しかし、生成されるコードが常に完璧なわけではない。Tan自身も、AIが生成したコードをそのままユーザーに提供することの危険性に言及している。80%のユースケースでは動作しても、エッジケースに触れた瞬間に崩壊するような脆いシステムを量産しないためには、テストの徹底が不可欠となる。彼はAIを用いて80〜90%のテストカバレッジを確保し、自動化されたブラウザテストを組み込むことで、この品質保証の問題をクリアしている。開発者の仕事は「コードを書くこと」から、「AIが書いたコードの品質を担保し、全体を統合すること」へと明確にシフトしているのだ。
Personal AIの到来と、決定的な問い
一連のプロセスを通じて浮かび上がるのは、AIが単なる開発補助ツールを越え、個人の能力を極限まで拡張する存在になりつつあるという事実だ。Tanは現在のAI革命を、かつてのパーソナルコンピュータ革命になぞらえている。
かつてHomebrew Computer Clubの面々が木箱に基板を打ち付けてApple Iを作ったように、現在のAI開発も、泥臭くプロンプトを書き、エージェントの挙動を制御する「手探りの熱狂」に包まれている。
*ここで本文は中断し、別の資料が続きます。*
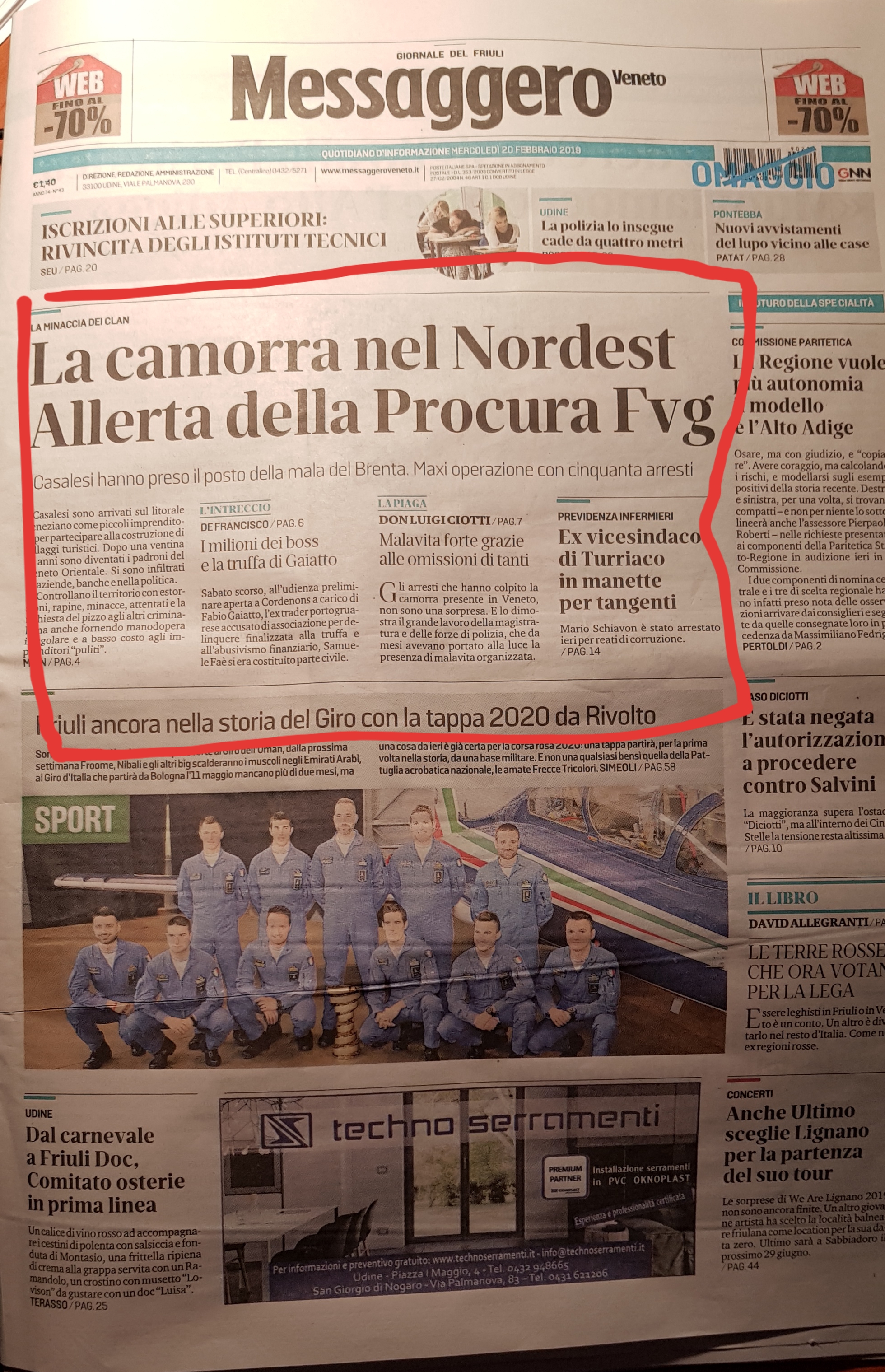 Questa mattina il quotidiano locale Messaggero Veneto ha dato molto rilievo al blitz svoltosi ieri in Veneto ai danni della camorra. La notizia è apparsa in prima pagina e all’interno del giornale sono state dedicate all’argomento 4 pagine. Mentre leggevo gli articoli, mi sono tornate alla mente le parole di Carlo Pieroni, Capocentro della Direzione Investigativa Antimafia di Padova, che a Trieste, sabato 2 febbraio, a Contromafie, così si esprimeva: “Quando intervengo in situazioni come queste, tutti si aspettano che il rappresentante delle Forze dell’Ordine parli della criminalità organizzata nel Triveneto andando dettagliatamente a raccontare quello che sta succedendo. Ma è una cosa che non si può fare. Parlerò però di come le mafie fanno infiltrazione”. Chissà se nella sua mente c’era tutto quello che sta succedendo in questi giorni…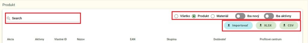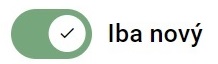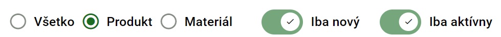 Užívateľ môže aktívne ovplyvniť zobrazenie zoznamu iba nových produktov alebo materiálov zapnutím prepínača  „Iba nový“ (prepnutie zo šedej na zelenú farbu).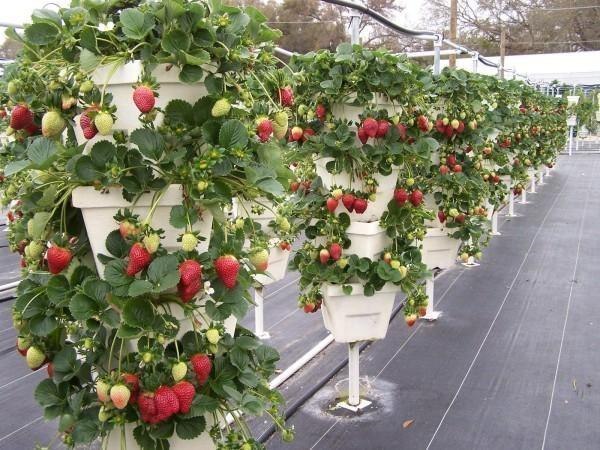 Un autre type de parterres de fraises à plusieurs niveaux, et en fait pas tout à fait un parterre de jardin, consiste à faire pousser des fraises dans des boîtes ou des pots fixés sur des poteaux spéciaux ou même une clôture, similaires aux pots de fleurs décoratifs. Il est encore plus facile d'assembler une telle structure de vos propres mains qu'un lit à plusieurs niveaux capital.La hauteur des pots de culture doit être d'environ 20 à 40 cm.Le drainage doit être posé au fond des pots, les pots doivent être remplis d'un mélange de terre, de tourbe et d'humus, et arrosés au besoin.

ここでTanが投げかける「決定的な問い」がある。「あなたが自分自身のツールをコントロールするのか、それともツールがあなたをコントロールするのか?」
企業によって隠蔽されたブラックボックスなアルゴリズム(例えば、誰の利益になるかもわからないSNSのフィード)に依存するのではなく、自分自身のニーズに基づいてプロンプトを設計し、データを管理し、AIの挙動を完全に掌握すること。Personal AIの真の価値は、その主体性にある。
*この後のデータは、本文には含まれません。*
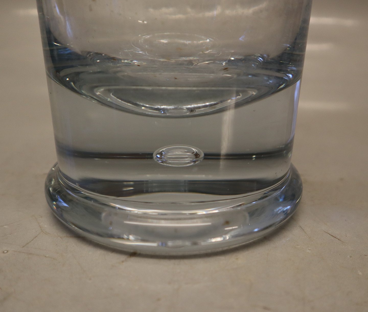 Beskrivelse: Regiment Karaffel 29.5 x 10 cm Holmegaard Glasværk, cylinderformet karaffel på tyk fod med luftboble Design Sidse Werner

Claude Codeのような最新のAIツールは、Tanの言葉を借りれば「フェラーリ」である。アクセルを踏み込めば信じられない速度でタスクを処理してくれるが、いざ道端でエンストを起こせば、自らボンネットを開けてレンチで修理するメカニックとしての能力が要求される。AIが生成した出力を盲信せず、人間としての「Taste(センス)」と技術的な理解をもってシステムを導くことができる者だけが、この強大なツールを乗りこなすことができる。
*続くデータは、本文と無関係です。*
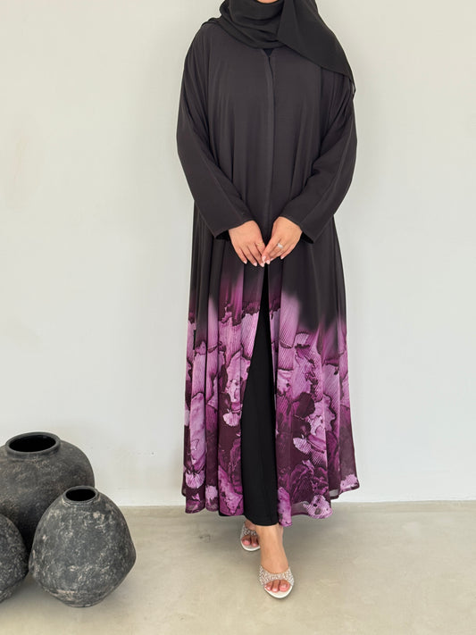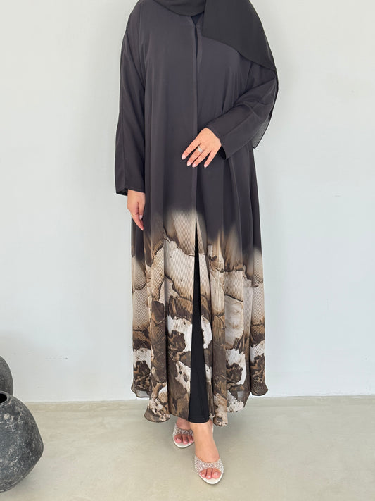 FAB225- Brown Grey Printed Floral A-Cut Abaya

Garry Tanの極端とも言えるTokenmaxxing戦略と開発ワークフローは、来るべきAIネイティブな開発の標準となる可能性が高い。我々は今、人間と機械の知性がかつてない形で協働する時代の入り口に立っている。「What a time to be alive(なんて生きるに値する時代だろう)」。彼のこの言葉は、技術の最前線で泥臭く格闘するすべてのビルダーに対する、最高の賛辞であると言えよう。